'''

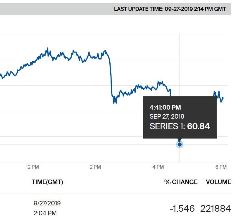 Səudiyyə Ərəbistanının enerji infrastrukturuna qarşı 14 Sentyabrdakı dron hücumlarının ardından neft qiymətləri kəskin yüksəlmişdi. Sonradan Səudiyyə Ərəbistanı neft hasilatını bərpa etdikcə neft qiymətləri düşürdü.
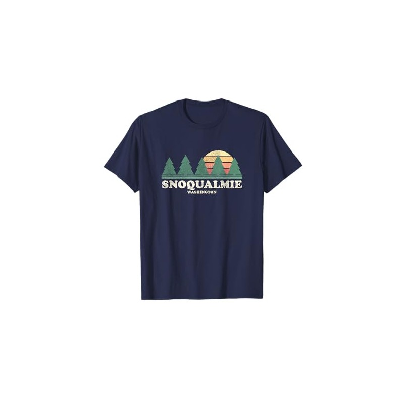 - Vintage Snoqualmie WA T-Shirt with retro sunset through pine trees design tee. Old school distressed & worn looking retro graphic tees & t-shirts makes an awesome holiday, Christmas presents & gift for those who love Snoqualmie.
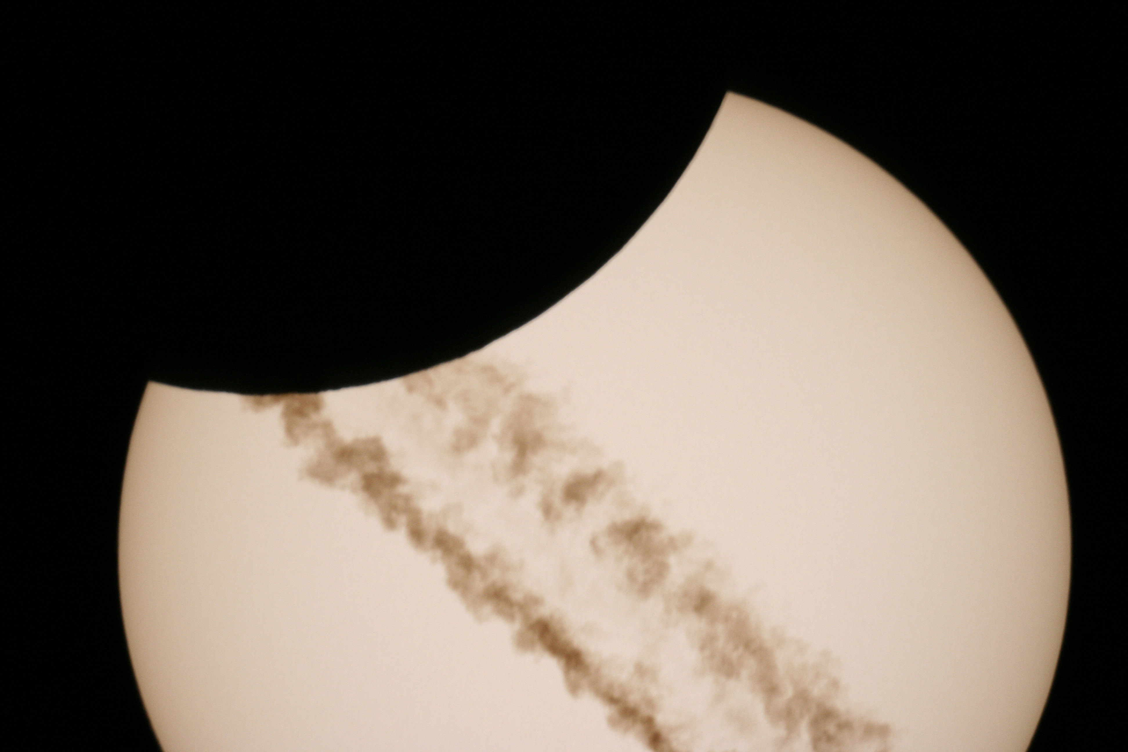 Leserbilder Astronomie: Sonnenfinsternis mit Kondensstreifen
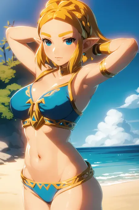 <lora:zelda_shorthair_v5:0.6>,zelda\(princess\), 1girl, solo, breasts,short_hair,
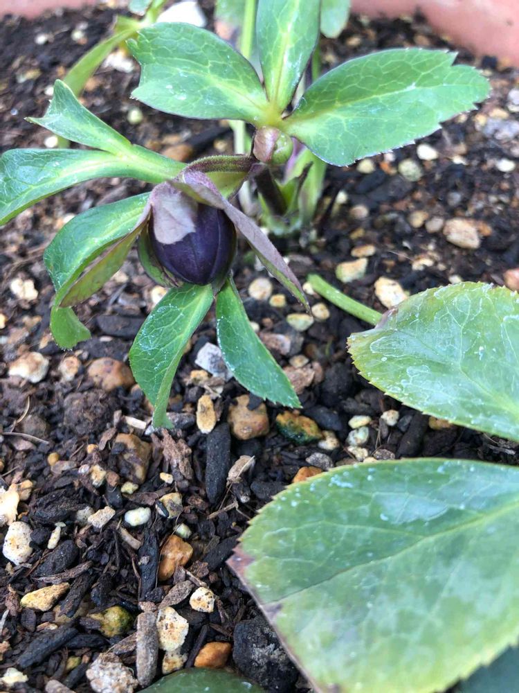 一月の初めにぷっくりと花芽が出たなぁと思ってから、ゆっくり、ゆっくりと成長して、黒い花弁になってきました💕茎が余り伸びないままに咲くのかな?楽しみです🎶
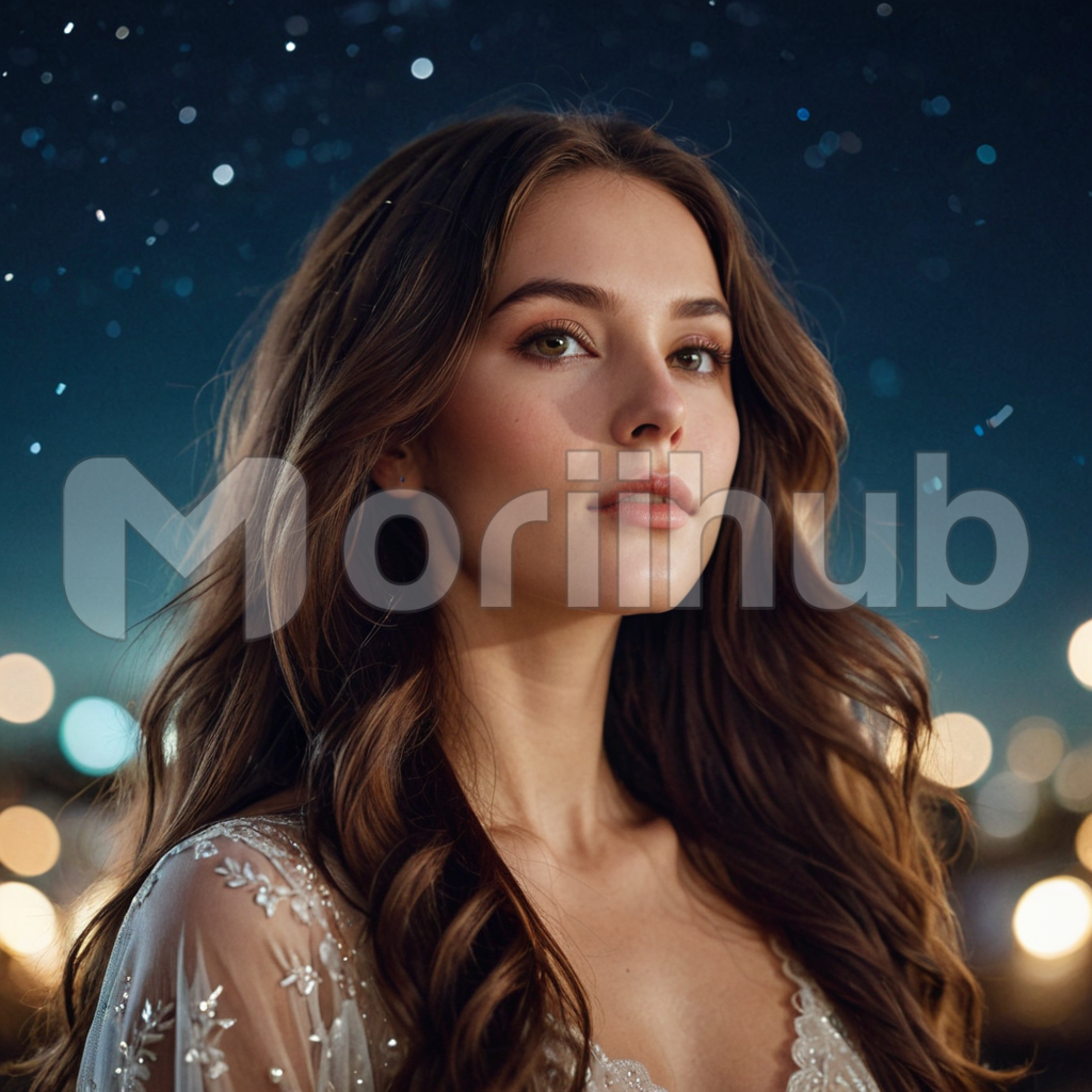 With grace in her demeanor, a beautiful woman gazes ahead, her eyes reflecting a blend of strength and tenderness. Her features, sculpted by elegance, captivate with an air of mystery. Silken strands of hair frame her face like cascading waves, adding to her allure. In her poised posture, there’s an aura of confidence, as if she holds the world in anticipation. Her presence commands attention, drawing admiration from all who behold her.
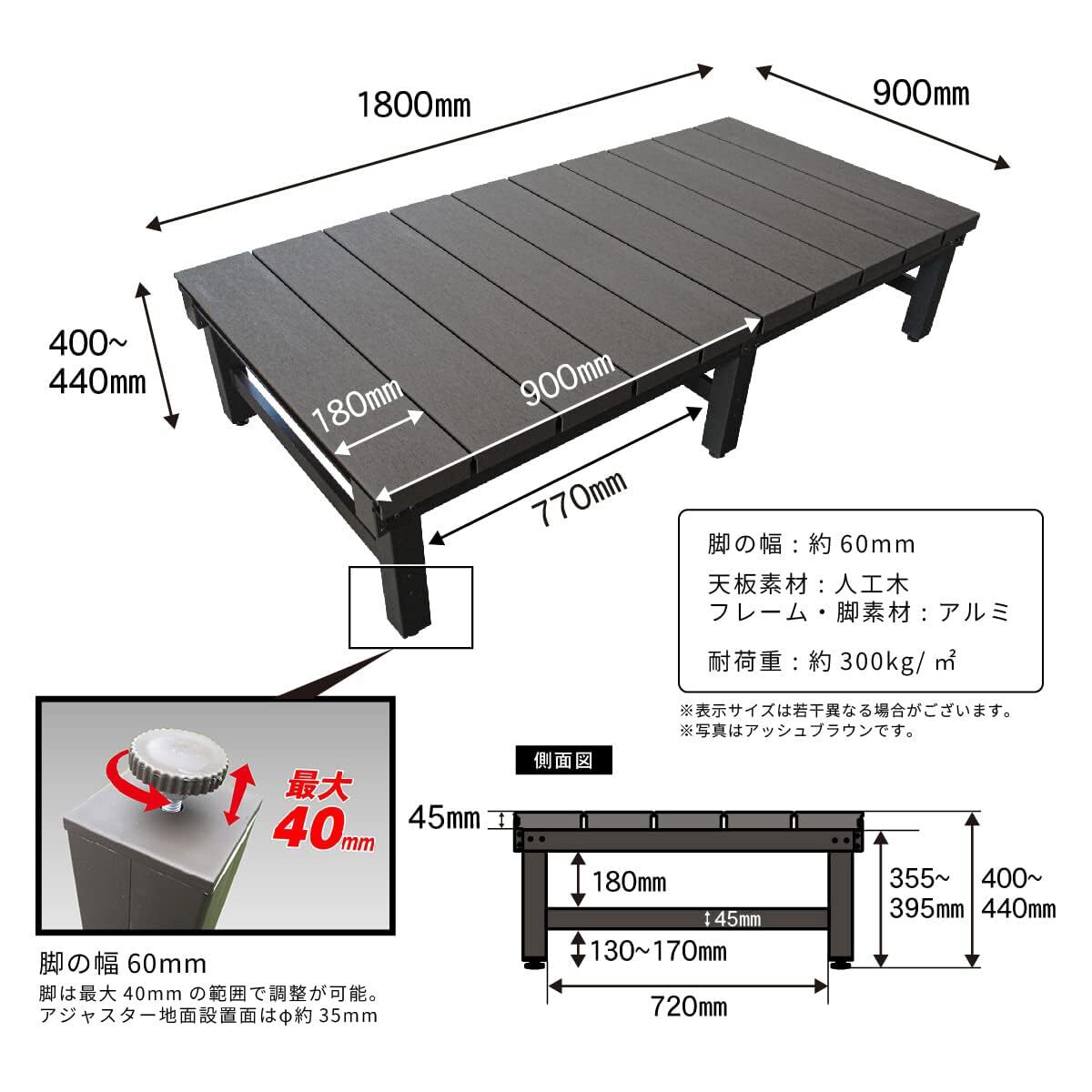 【色褪せしにくい人工木アルミDX】 ウッドデッキ 人工木 アルミ DXデッキT5型 1800×900×400~440mm ブラウン/アッシュブラウン)
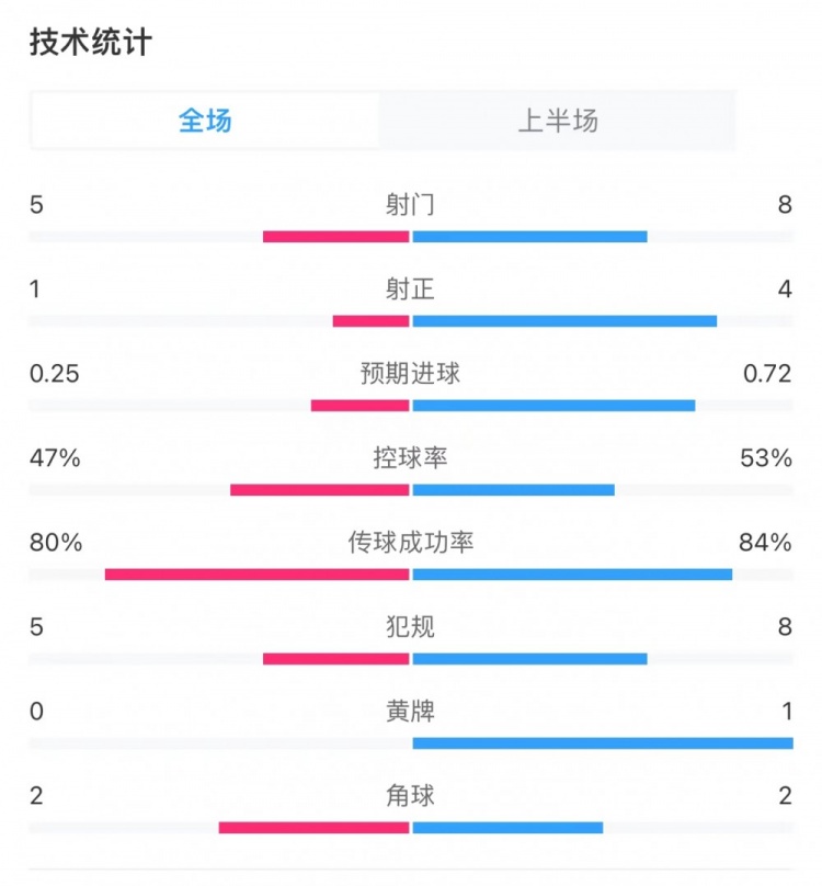 维拉1-0阿森纳半场数据:射门5-8,射正1-4,错失良机0-2
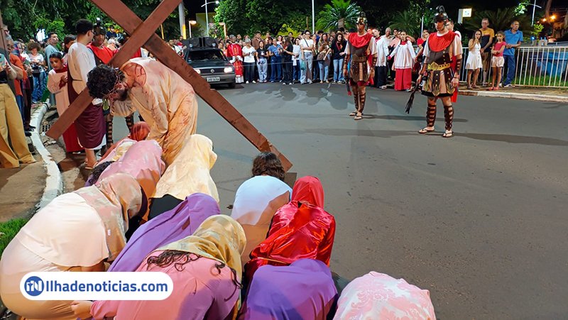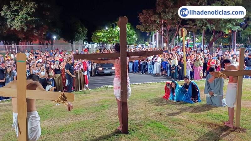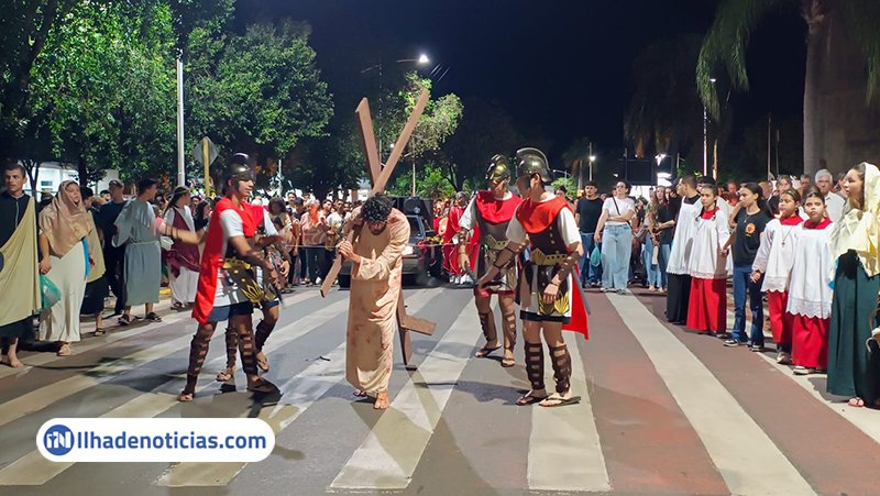 A comunidade católica viveu momentos de fé e emoção na noite desta sexta-feira (3), coma encenação da Via-sacra, durante a tradicional Procissão do Senhor Morto. A celebração reuniu fiéis que acompanharam, com atenção e devoção, ao longo do percurso pelo centro da Avenida Brasil.
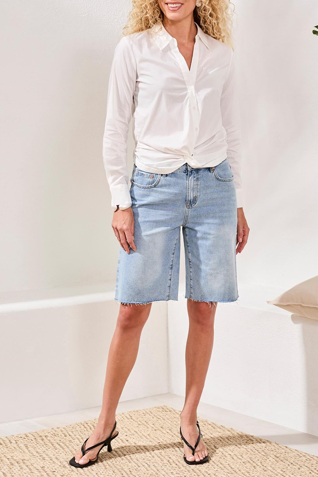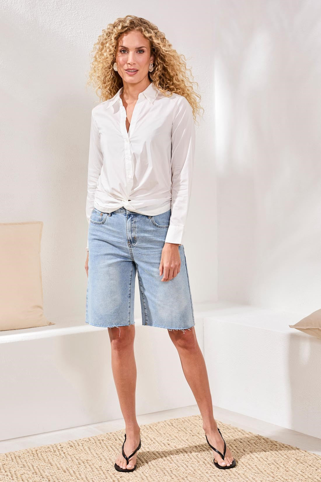 Refresh your look with this long sleeve knot front shirt, designed with a modern twist detail at the hem and a classic button front. The relaxed silhouette and lightweight woven fabric offer versatile style and all-day comfort for effortless, elevated dressing.
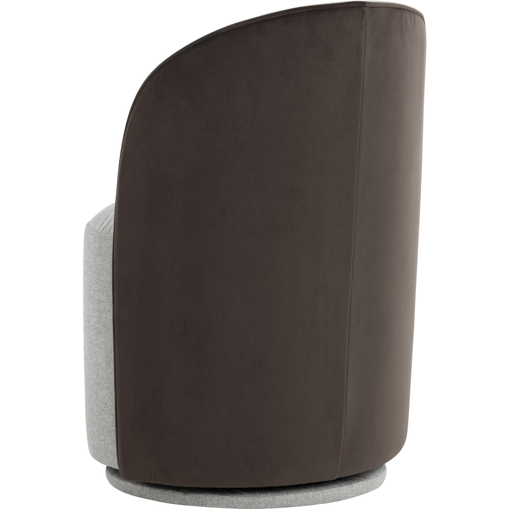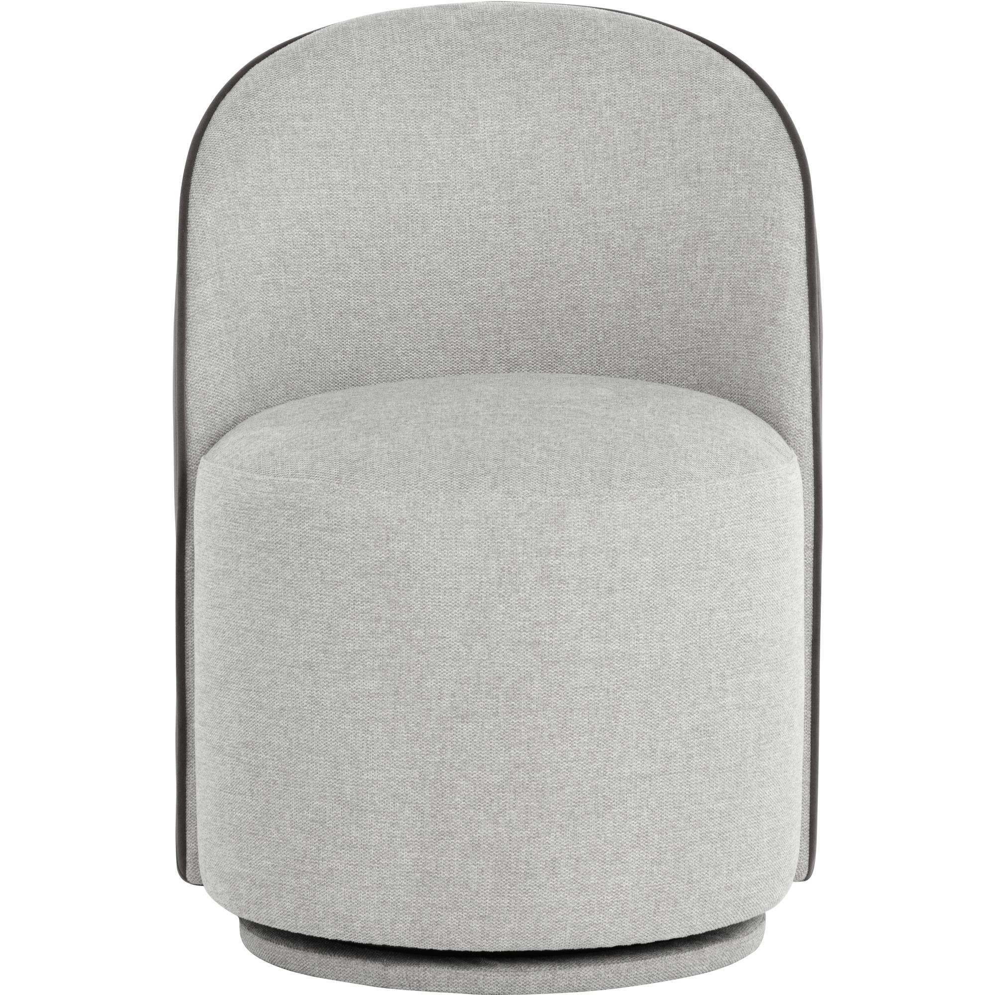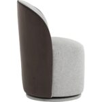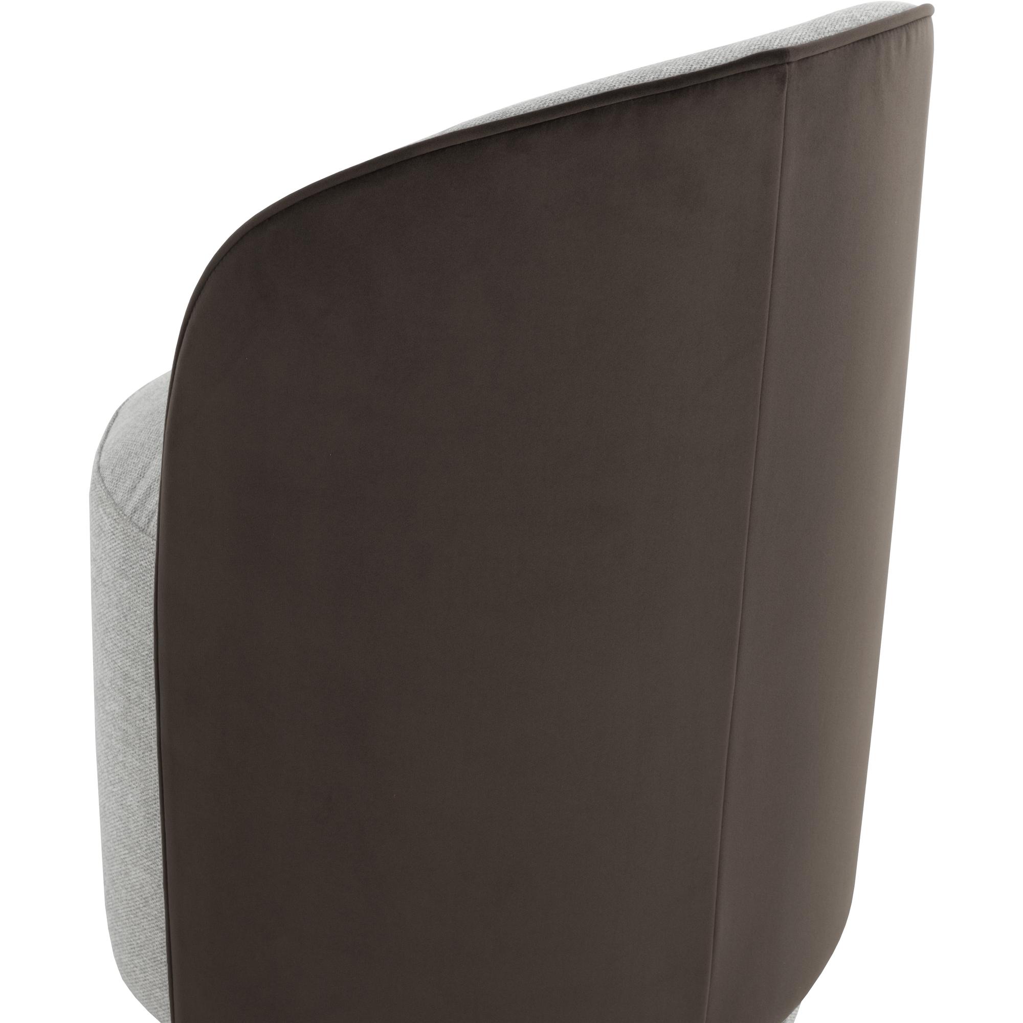 The Cavoli Swivel Dining Chair is distinguished by its curved silhouette. Fully upholstered in belfast heather grey and meg ash fabrics for a contrasting look.

'''

Start with the line above containing "Leserbilder Astronomie: Sonnenfinsternis" and end with the line containing "一月の初めにぷっくりと花芽が". Set down that stretch exactly, without any pictures.

• Written reply:
 Leserbilder Astronomie: Sonnenfinsternis mit Kondensstreifen
 <lora:zelda_shorthair_v5:0.6>,zelda\(princess\), 1girl, solo, breasts,short_hair,
 一月の初めにぷっくりと花芽が出たなぁと思ってから、ゆっくり、ゆっくりと成長して、黒い花弁になってきました💕茎が余り伸びないままに咲くのかな?楽しみです🎶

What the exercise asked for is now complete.